Geronimo's Kin, Charles Stevens

Hutton Makes His Pitch
   "This is Charles Stevens one of the most prolific character actors in all Hollywood history (Plainsman, Frontier Marshal, Blood and Sand, Kit Carson, every B-western serial you can think of). He was pals with Douglas Fairbanks Sr and appears in many of his silent films. Related directly to the Stevens family that lived as Indian traders at San Carlos and friends with Geronimo and The Apache Kid. Old Man Stevens married one of G-mans cousins and that is the connection. Charlie was discussed in my article on Geronimo for True West and is also buried in a footnote in my book. He actually played Geronimo in an episode of Rin Tin Tin. 

   "He was a remarkable Arizona fellow who deserves far more notoriety. He was in at least four Wyatt Earp films as Indian Charlie (Wild West Days, Frontier Marshal, Tombstone, My Darling Clementine). The Stevens family was really important around San Carlos and old man Stevens was there from the beginning as a trader. Carol Markstrom sent me great info on the family for my book and could probably write up something for you on Stevens and his family. She would also be a great What History Has Taught Me person for True West magazine." 
—Paul Andrew Hutton

"We came from dust and we will return to dust and that is why I never dust. It might be someone I loved."
—Old Abuela Saying

Tuesday, April 09, 2019

We Were Dead Wrong About Deadwood!

April 9, 2019
   “Nobody who loves Westerns is going to watch this awful show!” That was the first report I got from someone who worked on the set of this HBO unreleased TV show, in 2003. 

A sneak peek at our June cover

   At the time we were hot on the trail of a slew of new oaters in production, “Get Ready for a Bonanza of New Westerns!” (Feb-March 2003). 

The doubletruck spread included: "Open Range," "Westworld" (with Arnold Schwarzenegger attached as a remake of the original Yul Brynner vehicle), "Hidalgo," "The Last Samurai, " "The Lone Ranger" (with "a lithe, buxom female" as Tonto), "And Starring Pancho Villa as Himself," along with a whole bunch of projects that sank like a stone: "The Peacemakers," described as "CSI lands in the Old West."

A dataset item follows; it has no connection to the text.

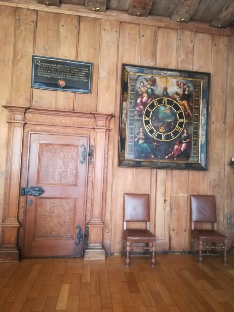 Esso apre solo per le visite guidate, non ha accesso libero, ed è la nostra penultima visita prima di andare al nuovo museo di storia della Baviera in allestimento che ho già raccontato (vedere oltre). Fondato nel 1245, nel periodo del Sacro Romano Impero questa fu la sede del Parlamento, l’amministrazione della città, e della Dieta Imperiale dal 1663 al 1806, 143 anni in cui, dopo la Riforma e la guerra dei trent’anni, crebbero idee di pace e democrazia alla base della Germania (e dell’Europa) moderna. Il palazzo è molto bello sia all’esterno sia all’interno: nel salone imperiale del 1564 riccamente decorato con scene allegoriche conserva i mobili originari e preziosi arredi lignei, nonché le sedute dei sette principi elettori, rappresentanti del potere civile ed ecclesiastico che si riunivano qui.
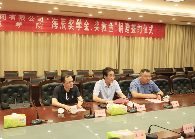 卢枳伸高度赞赏我校在人才培养、学科建设和社会服务工作中取得的成绩。他介绍了江苏海辰科技集团的发展历程与企业现状,回顾了2013年以来双方在海珍品健康养殖技术领域开展的卓有成效的工作,同时对取得的成果和效益表示满意。他指出,学校发展前景好,双方合作空间广阔,希望通过本次“奖学金、奖教金”的设立,为学校优秀人才培养做出更大的贡献。未来,江苏海辰科技集团将一如既往地支持国家高等教育事业、生态文明建设和学校高水平师范大学建设,也希望在产学研技术开发与成果转化、应用型人才培养等方面同学校加强合作。

   Of all those hits and misses absolutely nobody in my circle thought "Deadwood," stood a chance of connecting with our audience.

   We were dead wrong.

   The show became a huge success and pumped new life into a tired genre. Kathy, who generally can't stand Westerns was glued to our TV set. When I tried to remind her she was watching a "Western," she shushed me and kept watching week after week. I finally got her to admit it was the moral complexity of the characters and the language that captivated her. Someone later dubbed it as "Shakespeare in the mud." 

    That's not to say everyone in our world loves the show. I was at a Golden Boots Award gala in 2004 when the audience stood to congratulate many of the actors from the HBO show seated at a nearby table, and the guy next to me refused to stand, or even applaud; "I hate that show and everything it stands for."

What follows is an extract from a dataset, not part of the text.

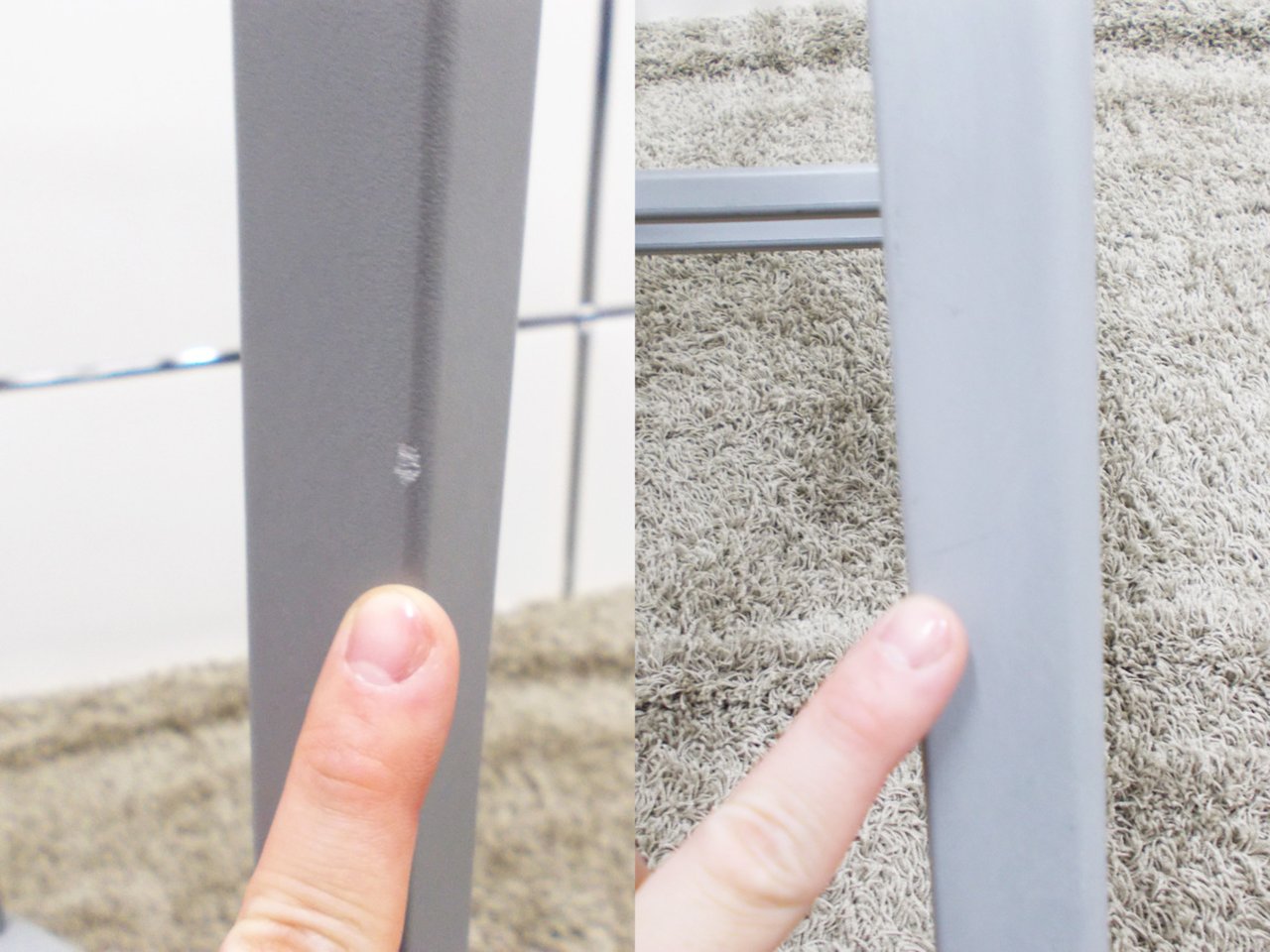 - あり黄ばみ・変色が広い範囲にうっすらある、または濃い黄ばみ・変色が一部ある。(例、座面・背もたれ、脚部等にある。)

   He was a Texan who owned Bracketville, the movie set site of John Wayne's "The Alamo".

   Last summer I finally made it to the actual town of Deadwood and I was not disappointed. 

A sidewalk advertisement (literally in the sidewalk) for the wonderful Adams Museum

The crush at Wild Bill's grave.

   In fact I am going back this summer for a book signing at the Adams Museum on June 14.

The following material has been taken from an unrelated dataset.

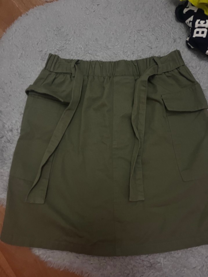 Kemerli, bol kesim ve haki renkte olan bu mini etek, sentetik kumaştan üretilmiştir. Sokak stili ve açık hava etkinlikleri için uygundur.

   Jim Hatzell, above, who lives in Rapid City, South Dakota, acted as my guide and we traveled all around the historic area. Jim was involved in "Dances With Wolves" and many other film projects filmed in the area. He's also an artist and keeps a sketchbook. We had fun comparing notes and doodles.

   The thing I love the most about Deadwood, the town and "Deadwood," the show, is that there is room for both. And even though the language on the show is pushed a tad too far for my tastes (Pete Dexter, the author of "Deadwood" who many believe created the DNA for the show, claims that HBO encouraged David Milch to push the "mo-fo" swearing angle because it had worked to such a great effect on "The Sopranos.") they rolled the dice and took a shot. And. . .

   They were right. It worked.

"Oh, shucks, really?!"

"The joke on the set was we were doing 'Sex in The City' meets 'The Sopranos' in 'Deadwood'."